AKP Grup Başkanvekili Bülent Turan, CHP’deki imza tartışmasına bu yorumu getirdi.

AKP’li Turan, ‘Bu işin sonu kayyum’ sözleriyle ana muhalefet partisi ile eskilerin deyimiyle ‘maytap geçiyor’

CHP’de çok acı, çok üzücü bir süreç yaşanıyor..

Atatürk’ün partisini kamuoyu önünde gülünç duruma düşürdüler..

CHP’yi bu duruma düşürenler utansın..

Koskoca CHP, bir grup koltuk sevdalısının yüzünden eriyor..

CHP’de kardeş kavgası yaşanıyor..

Dünyanın en uzun soluklu partilerinden birisi olan CHP,  koltuklarını bırakmayanlar ile o koltuklara talip  olanların kayıkçı kavgasına kurban ediliyor..

CHP’nin emektarlarından Recep Durmasür isyan ediyor partide yaşananlara..

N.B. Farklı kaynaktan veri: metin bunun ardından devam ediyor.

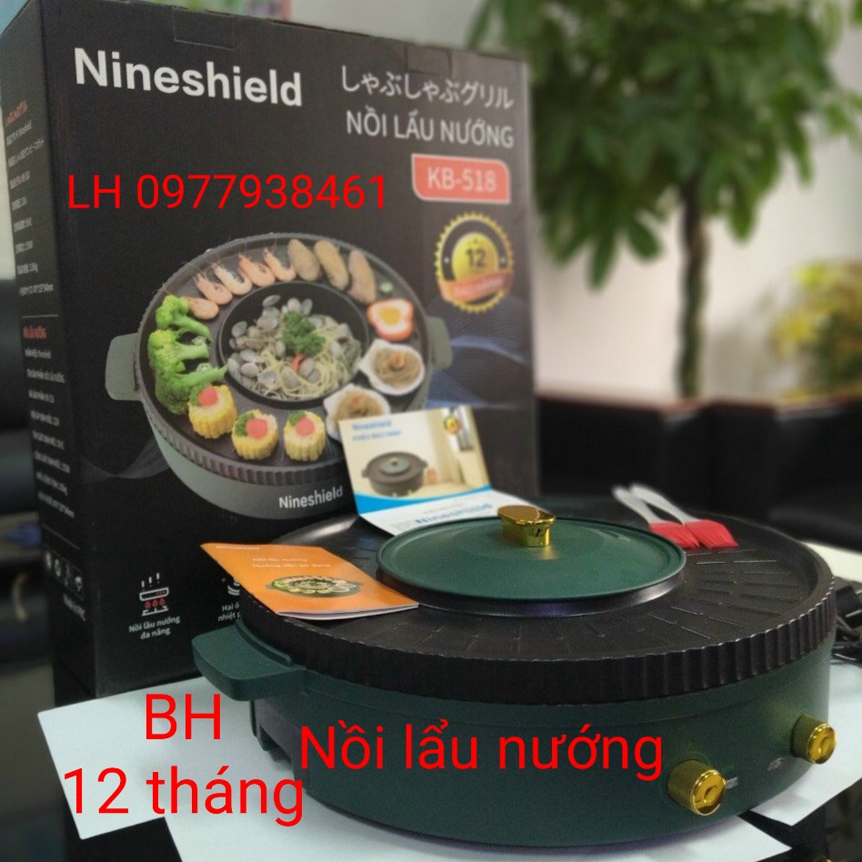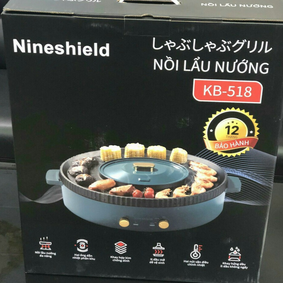 Nồi lẩu nướng đa năng 2 trong 1 NINESHIELD Chính hãng hàng loại 1, Bếp lẩu nướng không khói 2 ngăn đa năng tiện lợi

Recep Durmasür, sosyal medyadan şu paylaşımı yaptı :

“ Koskoca CHP’yi ne hale getirdiniz. Utanın be utanın.. İktidardan vazgeçtim, muhalefet etme sıfır, partiyi yönetme sıfır’”

Recep Durmasür,  isyan etmekte yerden göğe kadar haklı..

Gerçekten de CHP, en silik, en başarısız, en heyecansız dönemini yaşıyor..

Partinin üst yönetiminin keyfi yerinde..

Çünkü onların iktidar olma gibi bir derdi yok..

Kendilerini seçenleri seçtiriyorlar, istediklerini yaptırıyorlar..

Kendileri gibi koltuk sevdalısı olan milletvekili, il ve ilçe başkanları ile siyasi ikbal bekleyen kurultay delegelerine hükmediyorlar..

Partiyi de ülkeyi de düşünen yok..

O nedenle de ‘değişim ve umut’ için olağanüstü kurultay süreci başlatılmasına çok fazla kızdılar..

Gerek gazetelerde, gerekse beyazcamda ilgiyle, hatta hayranlıkla izlenen( Muharrem Erkek, Özgür Özel, Tuncay Özkan) gibi siyasetçilerin gerçek yüzleri ufukta olağanüstü kurultay görününce ortaya çıktı..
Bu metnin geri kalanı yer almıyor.